EXERCISE INSTRUCTIONS:
Could you transcribe each record below exactly as written, setting the pictures aside?

EXCERPTED DATA:
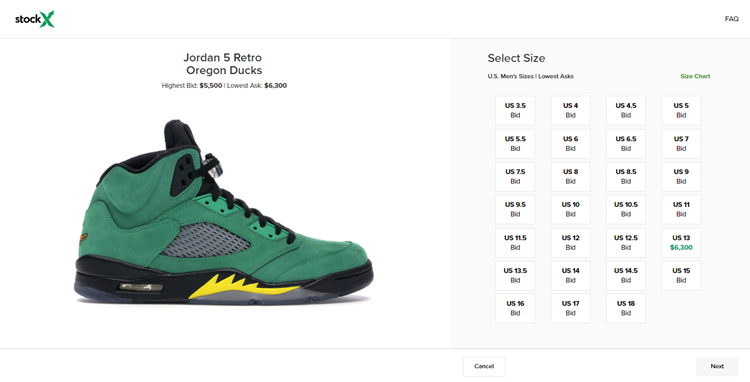 作为当年的天价俄勒冈鸭队专属 PE 配色,目前市面上已经极为稀有,早已成为球鞋收藏家最为抢手的一款球鞋之一,仅有的价格也是高达 $6300 美元。
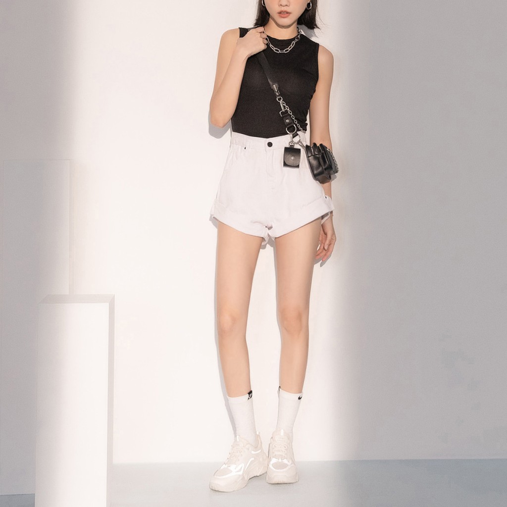 IN SHOP 高腰反褶牛仔短褲-共3色【KT201066】
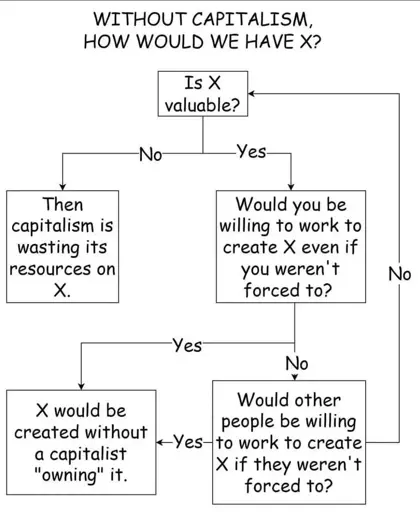 Maybe it should loop back to the “Then capitalism is wasting…” box, since if nobody is willing to create it, is it really valuable enough to exceed creation inertia?
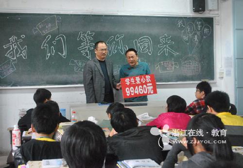 今年8月,嵊州二中高二(5)班张锦城同学被诊断出患上急性白血病并接受了化疗,在不到半个月的时间里,他由原先的120斤体重骤减到仅70斤。与此同时,一个疗程未完就已经花费了20多万元的巨额医疗费用,让家庭收入微薄的张锦城父母根本无法承担。得知因患白血病需要巨额医疗费用的消息后,嵊州二中领导极其重视,迅速向全体师生发出捐款倡议书。一时间,广大师生都投入到这场爱心活动中,纷纷伸出援助之手,在短短三天时间里,共获得师生捐款154515.2元,其中高二(10)班的周健生同学和高二(11)班的黄晔俊同学分别捐了一万元。高二(5)班同学更是在10月2日上午放弃国庆放假休息,在嵊州市文化广场向社会人士募捐,共获得好心人的捐款24296.7元。截止10月12日,学校共获校内外爱心捐款178811.9元。目前,这些凝聚着师生情谊和社会人士爱心的善款已全部送到张锦城同学的父母手中。
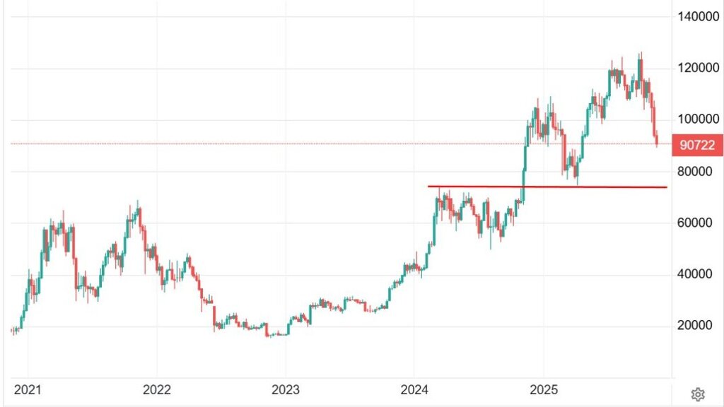 Според някои анализатори, следващото важно ниво на подкрепа за биткойна е около 75 000 долара (дъна от началото на април 2025 г. и важен бивш връх от март 2024 г.), като не е изключено неговото достигане, ако волатилността на финансовите пазарите остане висока.
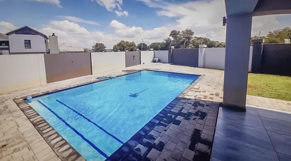 Designed for both comfort and entertainment, this home features two expansive lounges and a family room that opens out to a covered patio with a built in braai, ideal for gatherings with family and friends. The sparkling swimming pool and well maintained garden create the perfect outdoor retreat, while the home remains pet friendly. The property is equipped with a double garage and offers additional secure parking.
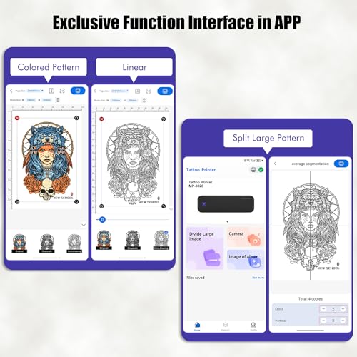 【Leistungsstarke App】Unsere „TattooPrint“ App ermöglicht das Drucken mit einem Klick, einfach und effizient. Die „TattooPrint“ APP ermöglicht es Ihnen, Schablonenbilder einfach zu umschreiben, hinzuzufügen, anzupassen und auszugeben. Über die App-Steuerung können Sie verschiedene Tattoo-Bilder ausdrucken. Außerdem kann die App bunte Motive mit einem einzigen Klick in schwarz-weiße Strichzeichnungen verändern. Eine Bildschneidefunktion für große Tattoo-Schablonen ist ebenfalls in Bereitschaft.
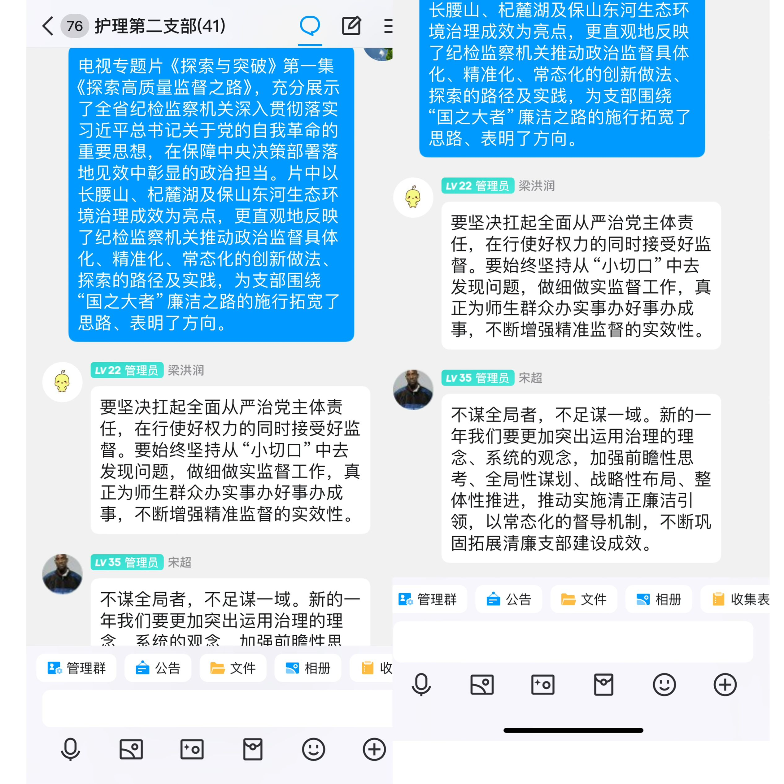 2024年2月20日-22日,由云南省纪委监委宣传部与云南广播电视台联合摄制的三集电视专题片《探索与突破》开播以后,XK星空护理第二党支部第一时间组织支部广大党员同志通过网络、电视和手机客户端等媒体收看该节目,并迅速在支部范围内掀起热议,同志们纷纷发表感想。
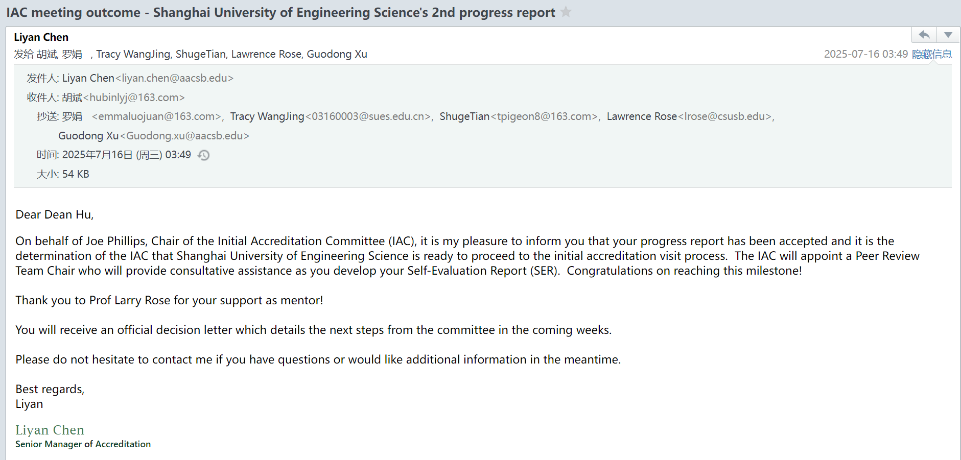 2025年7月16日,英国365集团公司官网收到国际精英商公司协会(AACSB)初始委员会(IAC)通知,公司第二轮年度进展报告(2nd Progress Report)获得通过,并跳级进入最终现场访视准备阶段,这标志着公司AACSB国际商科认证迈入了实质性的最后关键环节。
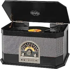 Il suono caldo e pieno di matrice analogica della rotazione in vinile sulle classiche tre velocità , 33 / 45/ 78 giri al minuto, viene risaltato dall’estetica vintage anni ’60 in una struttura lignea con coperchio richiudibile. Gli altoparlanti stereo garantiscono una buona fedeltà complessiva anche nell’ascolto di tracce in digitale da MP3.
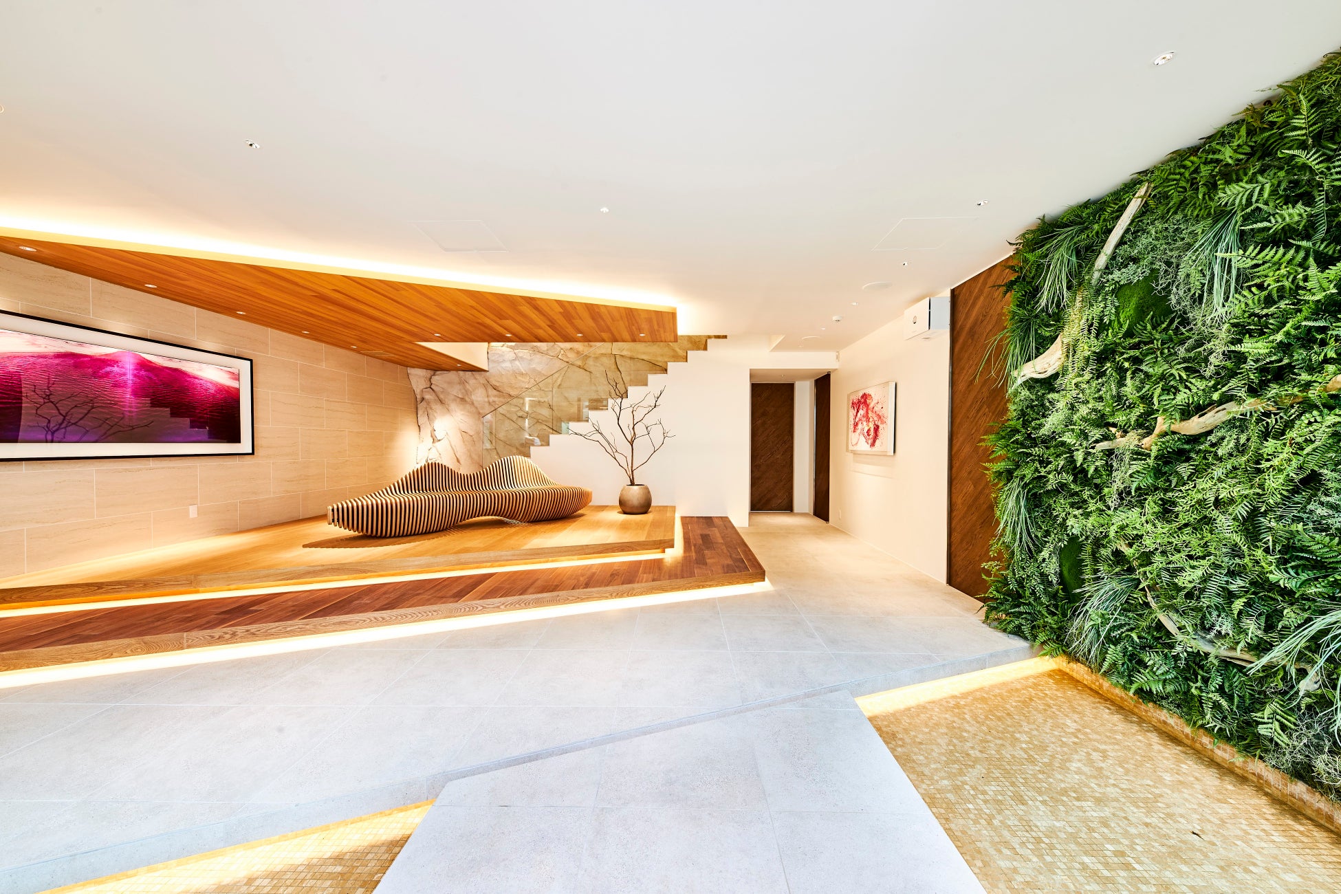 伝統的な日本の水盤からインスピレーションを得て、1階全体にシームレスに流れる連続的なインテリア水景は、即座に静寂を確立しながら、ユニークな空間移行要素を生み出しています。このインテリアランドスケープは、美的な中心であると同時に精神的な旅として機能し、従来のエントランス体験を瞑想的なラグジュアリーへと変容させます。
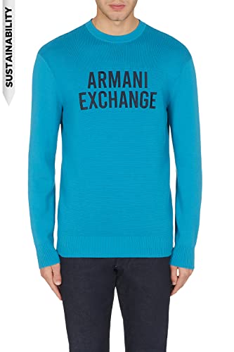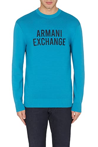 ARMANI EXCHANGE Front Extended Embroidered Logo Maglione, Mosaico Blu, S Uomo

THE COMPLETED TASK:
 作为当年的天价俄勒冈鸭队专属 PE 配色,目前市面上已经极为稀有,早已成为球鞋收藏家最为抢手的一款球鞋之一,仅有的价格也是高达 $6300 美元。
 IN SHOP 高腰反褶牛仔短褲-共3色【KT201066】
 Maybe it should loop back to the “Then capitalism is wasting…” box, since if nobody is willing to create it, is it really valuable enough to exceed creation inertia?
 今年8月,嵊州二中高二(5)班张锦城同学被诊断出患上急性白血病并接受了化疗,在不到半个月的时间里,他由原先的120斤体重骤减到仅70斤。与此同时,一个疗程未完就已经花费了20多万元的巨额医疗费用,让家庭收入微薄的张锦城父母根本无法承担。得知因患白血病需要巨额医疗费用的消息后,嵊州二中领导极其重视,迅速向全体师生发出捐款倡议书。一时间,广大师生都投入到这场爱心活动中,纷纷伸出援助之手,在短短三天时间里,共获得师生捐款154515.2元,其中高二(10)班的周健生同学和高二(11)班的黄晔俊同学分别捐了一万元。高二(5)班同学更是在10月2日上午放弃国庆放假休息,在嵊州市文化广场向社会人士募捐,共获得好心人的捐款24296.7元。截止10月12日,学校共获校内外爱心捐款178811.9元。目前,这些凝聚着师生情谊和社会人士爱心的善款已全部送到张锦城同学的父母手中。
 Според някои анализатори, следващото важно ниво на подкрепа за биткойна е около 75 000 долара (дъна от началото на април 2025 г. и важен бивш връх от март 2024 г.), като не е изключено неговото достигане, ако волатилността на финансовите пазарите остане висока.
 Designed for both comfort and entertainment, this home features two expansive lounges and a family room that opens out to a covered patio with a built in braai, ideal for gatherings with family and friends. The sparkling swimming pool and well maintained garden create the perfect outdoor retreat, while the home remains pet friendly. The property is equipped with a double garage and offers additional secure parking.
 【Leistungsstarke App】Unsere „TattooPrint“ App ermöglicht das Drucken mit einem Klick, einfach und effizient. Die „TattooPrint“ APP ermöglicht es Ihnen, Schablonenbilder einfach zu umschreiben, hinzuzufügen, anzupassen und auszugeben. Über die App-Steuerung können Sie verschiedene Tattoo-Bilder ausdrucken. Außerdem kann die App bunte Motive mit einem einzigen Klick in schwarz-weiße Strichzeichnungen verändern. Eine Bildschneidefunktion für große Tattoo-Schablonen ist ebenfalls in Bereitschaft.
 2024年2月20日-22日,由云南省纪委监委宣传部与云南广播电视台联合摄制的三集电视专题片《探索与突破》开播以后,XK星空护理第二党支部第一时间组织支部广大党员同志通过网络、电视和手机客户端等媒体收看该节目,并迅速在支部范围内掀起热议,同志们纷纷发表感想。
 2025年7月16日,英国365集团公司官网收到国际精英商公司协会(AACSB)初始委员会(IAC)通知,公司第二轮年度进展报告(2nd Progress Report)获得通过,并跳级进入最终现场访视准备阶段,这标志着公司AACSB国际商科认证迈入了实质性的最后关键环节。
 Il suono caldo e pieno di matrice analogica della rotazione in vinile sulle classiche tre velocità , 33 / 45/ 78 giri al minuto, viene risaltato dall’estetica vintage anni ’60 in una struttura lignea con coperchio richiudibile. Gli altoparlanti stereo garantiscono una buona fedeltà complessiva anche nell’ascolto di tracce in digitale da MP3.
 伝統的な日本の水盤からインスピレーションを得て、1階全体にシームレスに流れる連続的なインテリア水景は、即座に静寂を確立しながら、ユニークな空間移行要素を生み出しています。このインテリアランドスケープは、美的な中心であると同時に精神的な旅として機能し、従来のエントランス体験を瞑想的なラグジュアリーへと変容させます。
 ARMANI EXCHANGE Front Extended Embroidered Logo Maglione, Mosaico Blu, S Uomo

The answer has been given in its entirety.